Retired pastor donates hundreds of flowers to Albany nurses

6/1/2020

By Kara Witherow, Editor

Even though Rev. Larry Roberts lives nearly 350 miles from Albany, the south Georgia town is never far from his heart.

Rev. Roberts retired and moved to Lake Junaluska, N.C. in 1999, but served throughout the South Georgia Conference for 40 years, including stints in Preston, Americus, Blakely, and Moultrie. His son, Ben, lives and works in Albany as director of public relations and communications for Phoebe Putney Health System.

So when Rev. Roberts heard that Albany had become a coronavirus hotspot, he decided to do something to honor the women and men who are helping heal and save lives.

On Tuesday, May 12, during National Nurses Week, Rev. Roberts purchased 650 carnations to distribute to the Phoebe Putney Health System nursing staff. The carnations were given to nurses as they left work at Phoebe’s main and north hospital campuses. They were also delivered to other Phoebe facilities in Albany. 

“I wanted to do something to call attention to them and what they’re doing,” Rev. Roberts said.

While Rev. Roberts never served a church in Albany, he regularly visited church members in the hospital, became friends with nurses and hospital staff, and saw their dedication to patients.

“Albany’s always been close to my heart,” he said. “Throughout my ministry, when I was visiting the hospital, I got to know a lot of nurses, so I’ve always felt that they worked hard and did a lot of the work.”

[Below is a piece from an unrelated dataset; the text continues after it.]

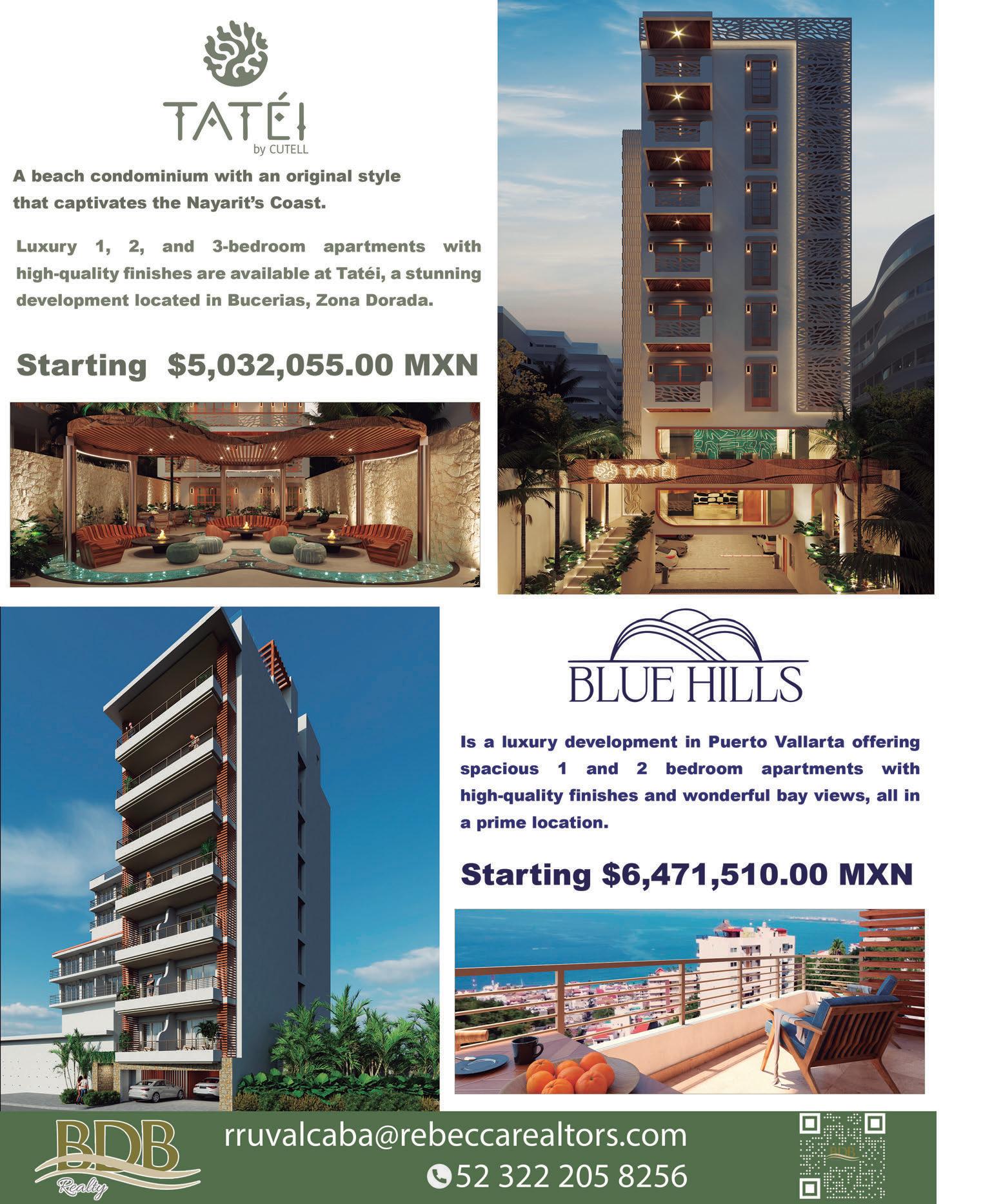 www.VallartaRealEstateGuide.com 2023 23 contact@boardwalkrealtypv.com 1-855-239-0640 A NEW ERA OF LUXURY LIVING A NEW CHAPTER IN RESIDENTIAL SOPHISTICATION rocio@boardwalkrealtypv.com Cel. +52 322 150 6869 rocio@boardwalkrealtypv.com Cel. +52 322 150 6869 PRE SALE | FROM THE UPPER 300’S PERFECTLY LOCATED IN A DOUBLE GATED COMMUNITY TOWER II 5 MINUTES AWAY FROM THE BUCERIAS BEACHES PRE SALE | FROM THE UPPER 300’S DELIVERYJAN2025 DELIVERINGNOW

Goldie Morrow is a registered nurse who has worked on one of Phoebe Putney’s COVID-19 floors since the pandemic hit Albany. Receiving a flower at the end of a long workday was a nice surprise, she said.

“It made me feel very special that somebody was thinking of me,” said Morrow, who works 12-hour shifts on Fridays, Saturdays, and Sundays. “To walk out and be handed a carnation was very, very nice, very thoughtful. I thank him so much for doing that for us. It meant a lot and everybody was very excited and very touched by it.”

It was a joy to spread goodwill, Rev. Roberts said.

“I hoped it would brighten their day and call attention to them and remind some folks of their efforts.”